By Definition 1.2.8, the right-hand side is the Limitation of the words in \(W_{\zeta}\),

\[11. \quad \varsigma(\zeta) = L\Pi_{i=1}^{\Lambda(\zeta)} \zeta\{i\}\]

Since ζ was an arbitrary Sentence, this can be generalized over the Corpus,

\[12. \quad \forall \zeta \in C_L: \varsigma(\zeta) = L\Pi_{i=1}^{\Lambda(\zeta)} \zeta\{i\}\]

∎

Theorem 3.1.8 establishes an important formula for the construction of σ-reductions. The Reduction Algorithm targets Strings as input, i.e. it processes sequential Characters in a String. If an ordered sequence of Words is already at hand, without Theorem 3.1.8, it would be required to reconstruct the String which corresponds to the sequence and process it through the Reduction Algorithm. Rather than applying the Reduction Algorithm everytime a σ-reduction is required, Theorem 3.1.8 provides a schema for the construction of σ-reductions through the process of Limitation.

Compare Theorem 3.1.8 to Theorem 2.2.5, reprinted below for reference,

\[\zeta = D\Pi_{i=1}^{\Lambda(\zeta)} \zeta\{i\}\]

In other words, taking the σ-reduction of a Sentence converts the Delimitation of its Words into a Limitation. This follows directly from Definitions 1.2.7 and 1.2.8 of Limitation and Delimitation. The next theorem proves this relationship for the more general case of any ordered sequence of Words, not necessarily a semantically coherent and admissible Sentence.

Theorem 3.1.9 \(\forall n \in \mathbb{N}: \forall p \in X_L(n): \varsigma(D\Pi_{i=1}^{n} p(i)) = L\Pi_{i=1}^{n} p(i)\)

This theorem can be stated in natural language as follows: the σ-reduction of the Delimitation of a Phrase is equal to the Limitation of the same Phrase.

Let n be an arbitrary natural number, and let p be an arbitrary Phrase from a Language’s n^th Lexicon,

\[1. \quad p \in Χ_L(n)\]

\[2. \quad p = (\alpha_1, \alpha_2, ..., \alpha_n).\]

By Definition 1.2.7,

\[3. \quad D\Pi_{i=1}^{n} p(i) = (\alpha_1)(\sigma)(\alpha_2)(\sigma) ... (\sigma)(\alpha_n)\]

Applying Definition 3.1.2 of σ-reduction to the Delimitation and applying the Basis Clause of Definition 1.1.1,

\[4. \quad \varsigma(D\Pi_{i=1}^{n} p(i)) = (\alpha_1)(\alpha_2) ... (\alpha_n)\]

By Definition 1.2.8,

\[5. \quad L\Pi_{i=1}^{n} p(i) = (\alpha_1)(\alpha_2) ... (\alpha_n)\]

By repeated application of Theorem 1.1.1 to step 4,

\[6. \quad l(\varsigma(D\Pi_{i=1}^{n} p(i))) = \sum_{i=1}^{n} l(\alpha_i)\]

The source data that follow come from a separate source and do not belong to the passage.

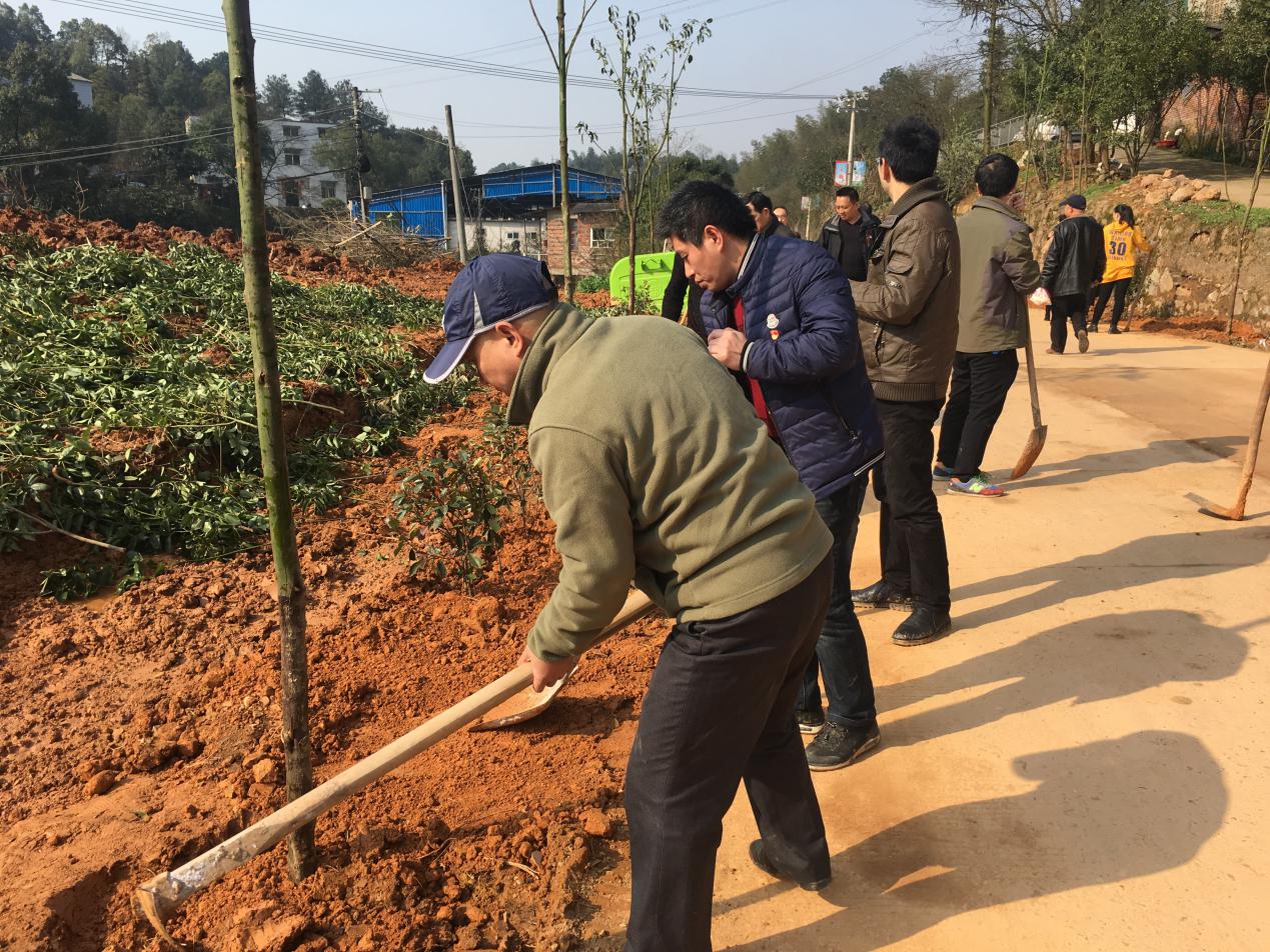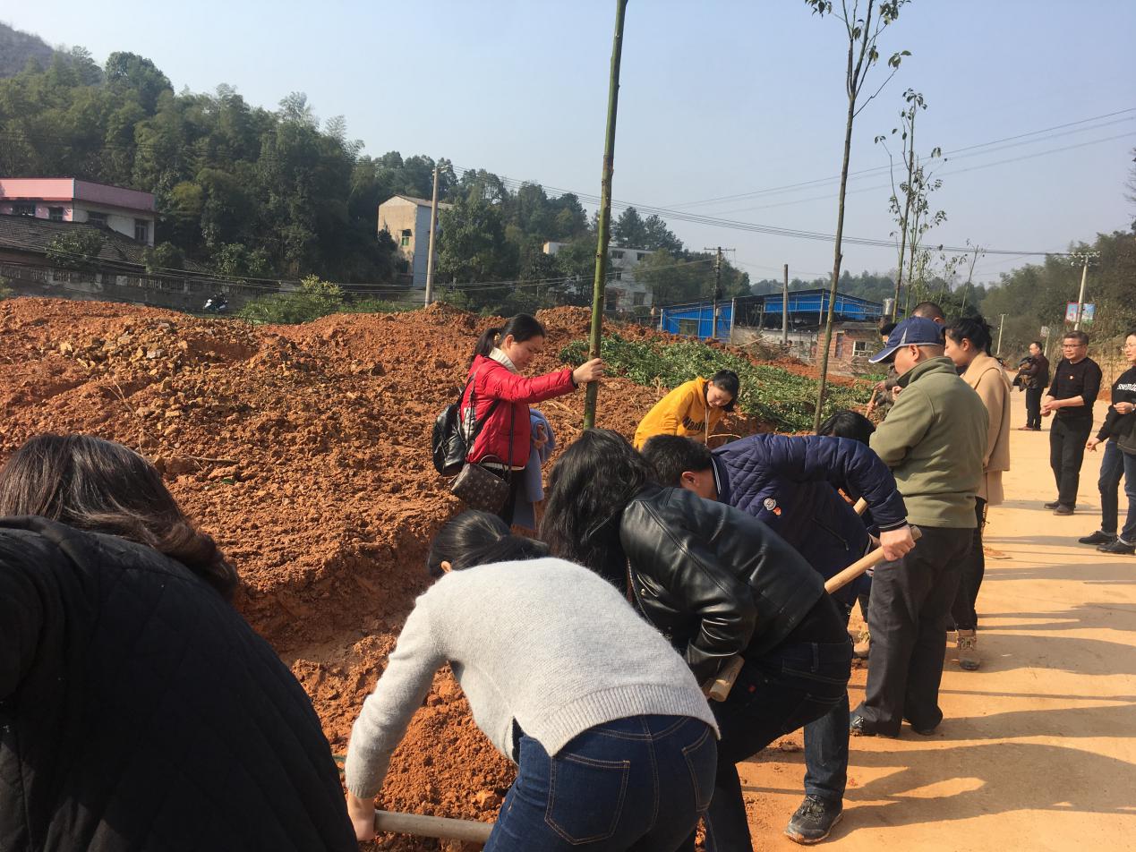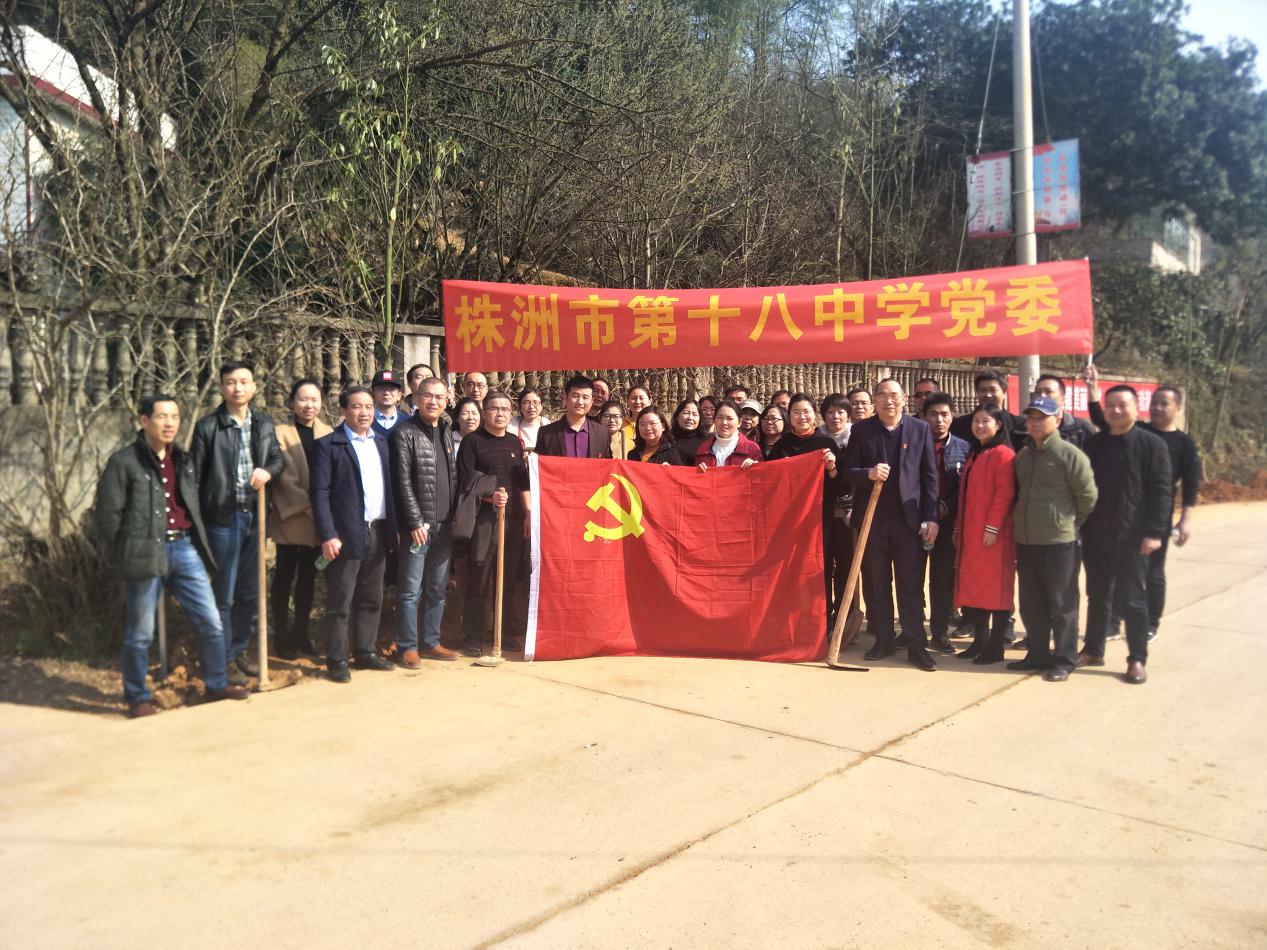 3月12日一大早,株洲市第十八中学党委彭仁堃书记组织在职四个党支部上午没课的37名党员教师来到"天龙路"进行义务植树活动。所有老师一到植树地点立即扛起锄头、拿起铲子开始植树,大家分工合作有的人挖坑、有的人扶树苗、有的人铲土。因为樟树需要挖比较深的坑,男老师们主动承担起樟树的载植。女老师们也都是植树的能手,挖坑、培土毫不逊色于男老师,很多老师都脱下外套,不顾鞋子布满黄泥。短短2个小时株洲市第十八中学党委就把150颗树苗全部植好。老师们纷纷表示以后每年都要参加这种义务植树活动,既美化了家乡环境,又有益于身心健康。
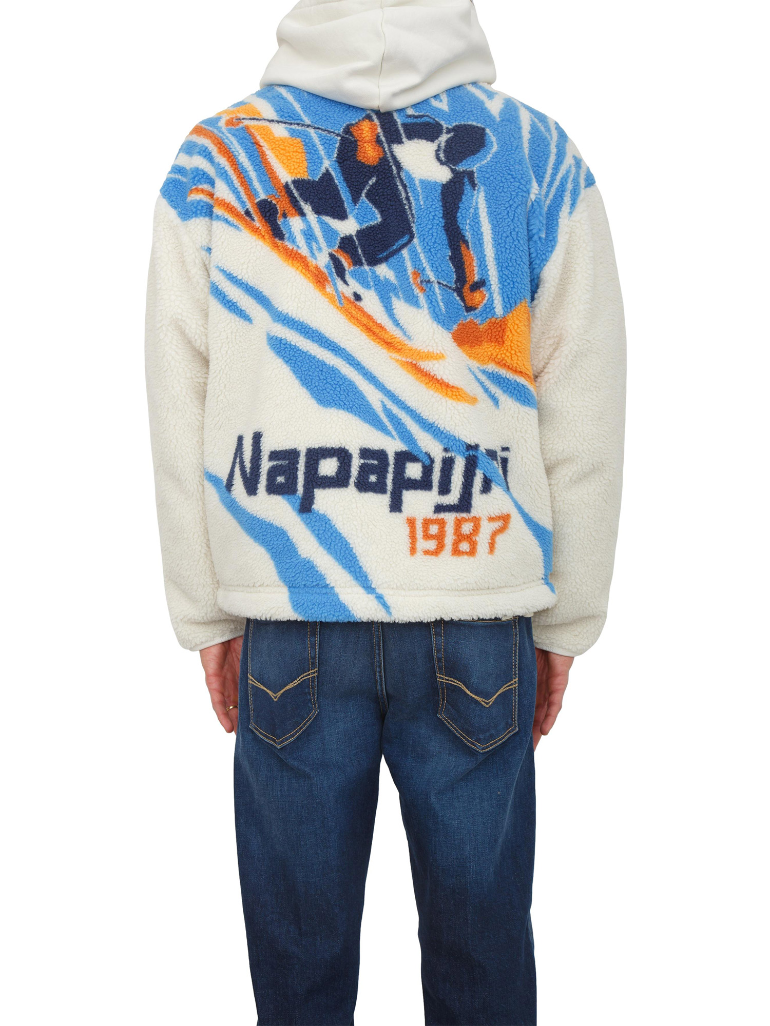 Felpa in pile Fiemme Napapijri in teddy bianco con stampa
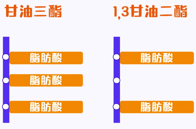 而甘油二酯,直觀看就是名字比甘油三酯少了一個“酯”,結(jié)構(gòu)上其實就是一個甘油分子連接2條脂肪酸,少了1條。
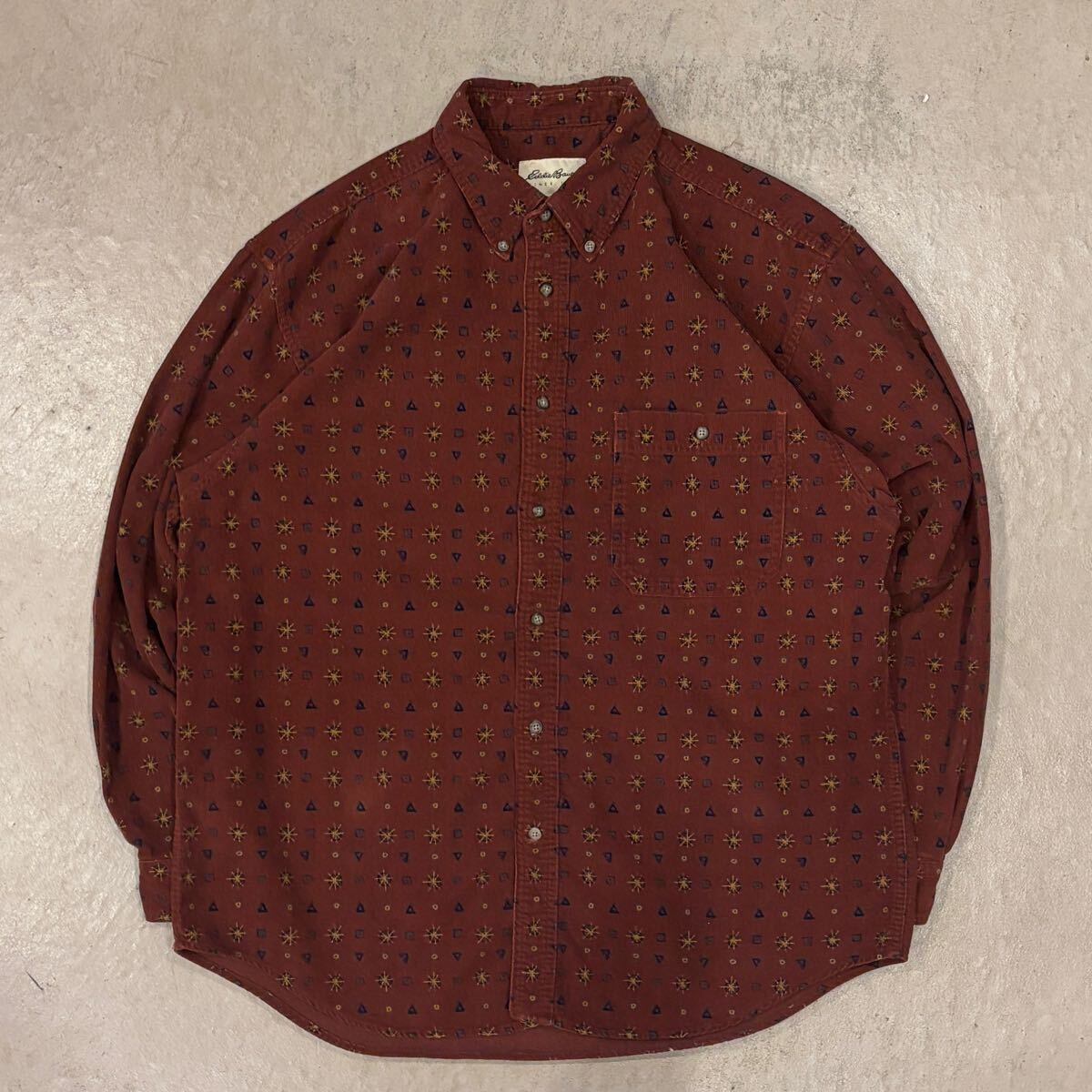 > 【90s】00s Eddie Bauer エディーバウアー 長袖 ボタンダウン コーデュロイシャツ メンズ L 茶/ブラウン 細畝 総柄 コットン vintage 正規

By repeated application of Theorem 1.1.1 to step 5,

\[7. \quad l((\alpha_1)(\alpha_2)... (\alpha_n)) = \sum_{i=1}^{n} l(\alpha_i)\]

Comparing step 6 to step 7 and noting the α_i is in the same position the same for all \(1 \leq i \leq n\), it follows by Definition 1.1.4 of String Equality,

\[8. \quad \varsigma(D\Pi_{i=1}^{n} p(i)) = L\Pi_{i=1}^{n} p(i)\]

Since n and p were arbitrary, this can be generalized over the Lexicon,

\[9. \quad \forall n \in \mathbb{N}: \forall p \in Χ_L(n): \varsigma(D\Pi_{i=1}^{n} p(i)) = L\Pi_{i=1}^{n} p(i)\]

∎

The relationship between σ-reductions, Limitations and Delimitations provides an easy method for establishing the relationship between the String Length of a Sentence and the String Length of its σ-reduced form.

Theorem 3.1.10 \(\forall \zeta \in C_L: l(\zeta) \geq l(\varsigma(\zeta))\)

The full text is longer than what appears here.